Stored data entries

*** Block opens ***

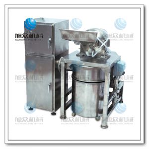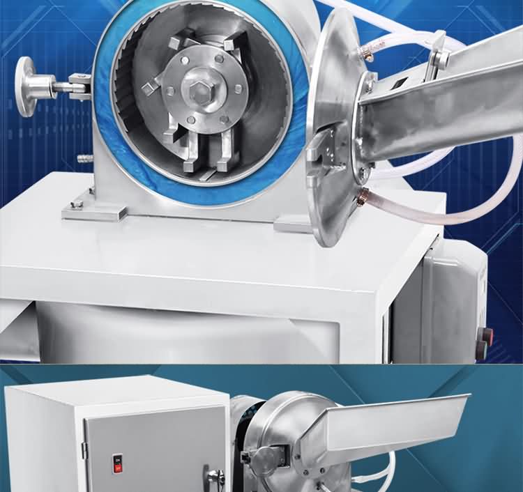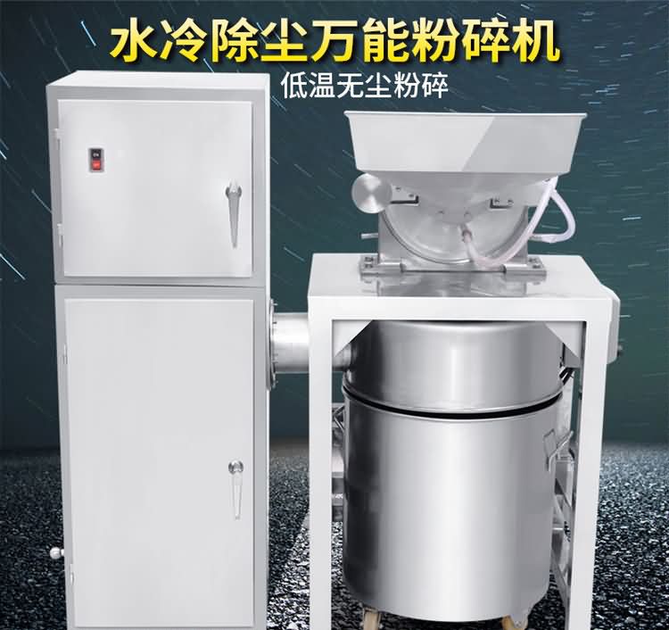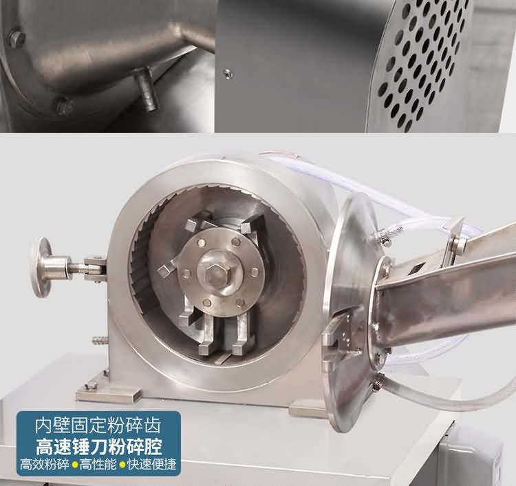 水冷多功能粉碎機(活動錘式粉碎機)利用活動小錘子高轉速旋轉和利用離心力甩打的形式,使被粉碎物經錘頭和邊沿齒輪相互沖擊、摩擦等綜合作用獲得粉碎。本機結構簡單、堅固、運轉平穩、粉碎效果良好,被粉碎物可直接由主機磨腔中排出、粒度大小通過更換不同孔徑的網篩獲得,另外該機為全不銹鋼。機殼內壁全部經機加工達到表面平滑,改變了以前機型內壁粗糙、積粉的現象,使藥品、食品、化工等生產更符合標準,達到GMP的要求。
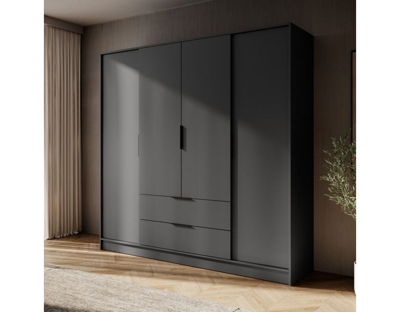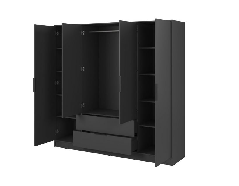 Шафа Келлі пропонує достатньо місця для організації вашого гардеробу. Чотири просторі відділення дозволяють зберігати одяг, взуття та аксесуари в порядку, щоб ви завжди могли швидко знайти все необхідне. Внутрішні полиці та штанги для вішалок забезпечують максимальну зручність у використанні, що робить ваш щоденний рутинний процес простішим та приємнішим.
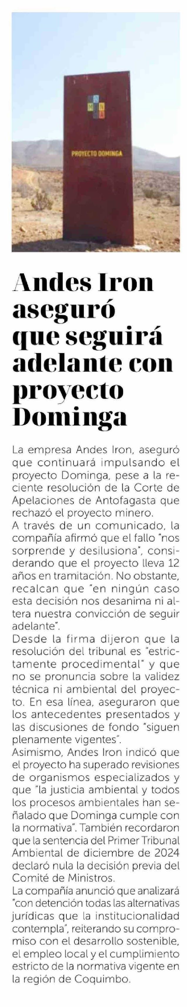 | Título: | Andes Iron aseguró que seguirá adelante con proyecto Dominga |
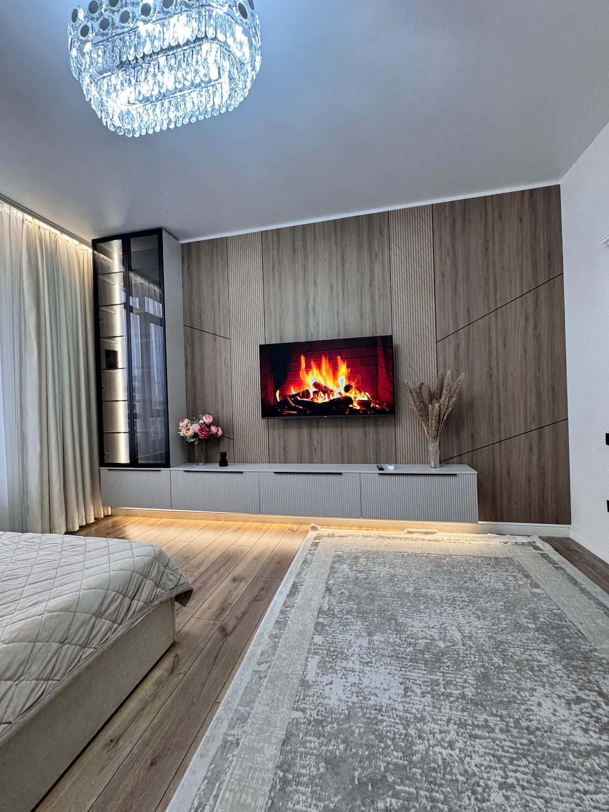 Welcome to a modern and cozy apartment in the new Raymbek residential complex! Stylish design, high ceilings, and bright accents create a comfortable atmosphere. Perfect location: Right across from the metro, with Arbat, Green Bazaar, shopping centers, theaters, a park, and a zoo nearby. Convenient amenities: On-site supermarkets, pharmacies, restaurants, electronics and cosmetics stores, and medical centers – everything you need!
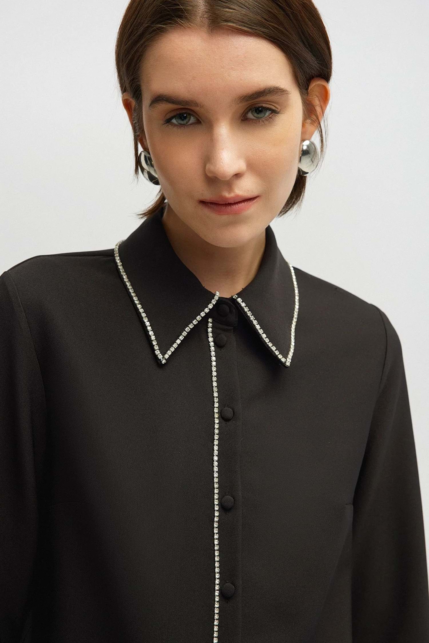 PARLAK TAŞLI KREP GÖMLEK - SİYAH - 36
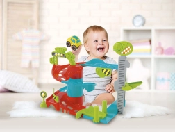 Diese farbenfrohe CLEMENTONI BABY Spaß-Garage bietet Kindern endlose Action und Entdeckungen. Die Bahn ist so gestaltet, dass das Auto hinuntergleitet, lustige Purzelbäume macht und mithilfe des manuellen Aufzugs wieder zum Start zurückkehrt – so endet der Spaß nie.
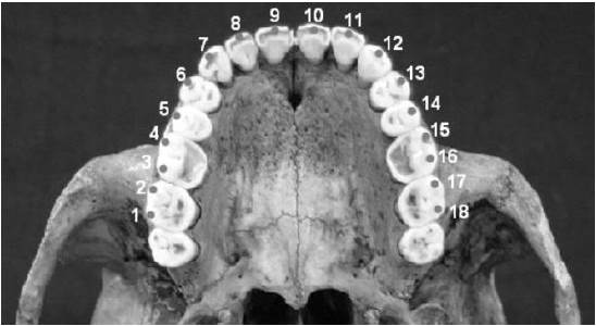 Figura 1: Hitos (landmarks) anatómicos utilizados en el presente estudio para registrar la forma del arco dentario superior (Definición en Tabla 1).
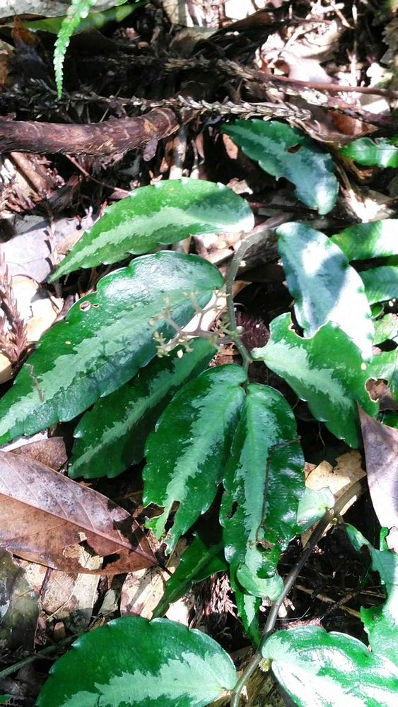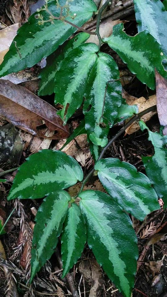 滝の近くの斜面に見たことない綺麗な葉を見つけました。🔎調べてみるとナガバサンショウソウのようです。対馬と宮崎県にだけ自生している植物らしいです。観葉植物のペリオニアの仲間のようです。

*** Block closes ***

Each entry above must be restated word for word; the pictures stay out of the copy.

 水冷多功能粉碎機(活動錘式粉碎機)利用活動小錘子高轉速旋轉和利用離心力甩打的形式,使被粉碎物經錘頭和邊沿齒輪相互沖擊、摩擦等綜合作用獲得粉碎。本機結構簡單、堅固、運轉平穩、粉碎效果良好,被粉碎物可直接由主機磨腔中排出、粒度大小通過更換不同孔徑的網篩獲得,另外該機為全不銹鋼。機殼內壁全部經機加工達到表面平滑,改變了以前機型內壁粗糙、積粉的現象,使藥品、食品、化工等生產更符合標準,達到GMP的要求。
 Шафа Келлі пропонує достатньо місця для організації вашого гардеробу. Чотири просторі відділення дозволяють зберігати одяг, взуття та аксесуари в порядку, щоб ви завжди могли швидко знайти все необхідне. Внутрішні полиці та штанги для вішалок забезпечують максимальну зручність у використанні, що робить ваш щоденний рутинний процес простішим та приємнішим.
 | Título: | Andes Iron aseguró que seguirá adelante con proyecto Dominga |
 Welcome to a modern and cozy apartment in the new Raymbek residential complex! Stylish design, high ceilings, and bright accents create a comfortable atmosphere. Perfect location: Right across from the metro, with Arbat, Green Bazaar, shopping centers, theaters, a park, and a zoo nearby. Convenient amenities: On-site supermarkets, pharmacies, restaurants, electronics and cosmetics stores, and medical centers – everything you need!
 PARLAK TAŞLI KREP GÖMLEK - SİYAH - 36
 Diese farbenfrohe CLEMENTONI BABY Spaß-Garage bietet Kindern endlose Action und Entdeckungen. Die Bahn ist so gestaltet, dass das Auto hinuntergleitet, lustige Purzelbäume macht und mithilfe des manuellen Aufzugs wieder zum Start zurückkehrt – so endet der Spaß nie.
 Figura 1: Hitos (landmarks) anatómicos utilizados en el presente estudio para registrar la forma del arco dentario superior (Definición en Tabla 1).
 滝の近くの斜面に見たことない綺麗な葉を見つけました。🔎調べてみるとナガバサンショウソウのようです。対馬と宮崎県にだけ自生している植物らしいです。観葉植物のペリオニアの仲間のようです。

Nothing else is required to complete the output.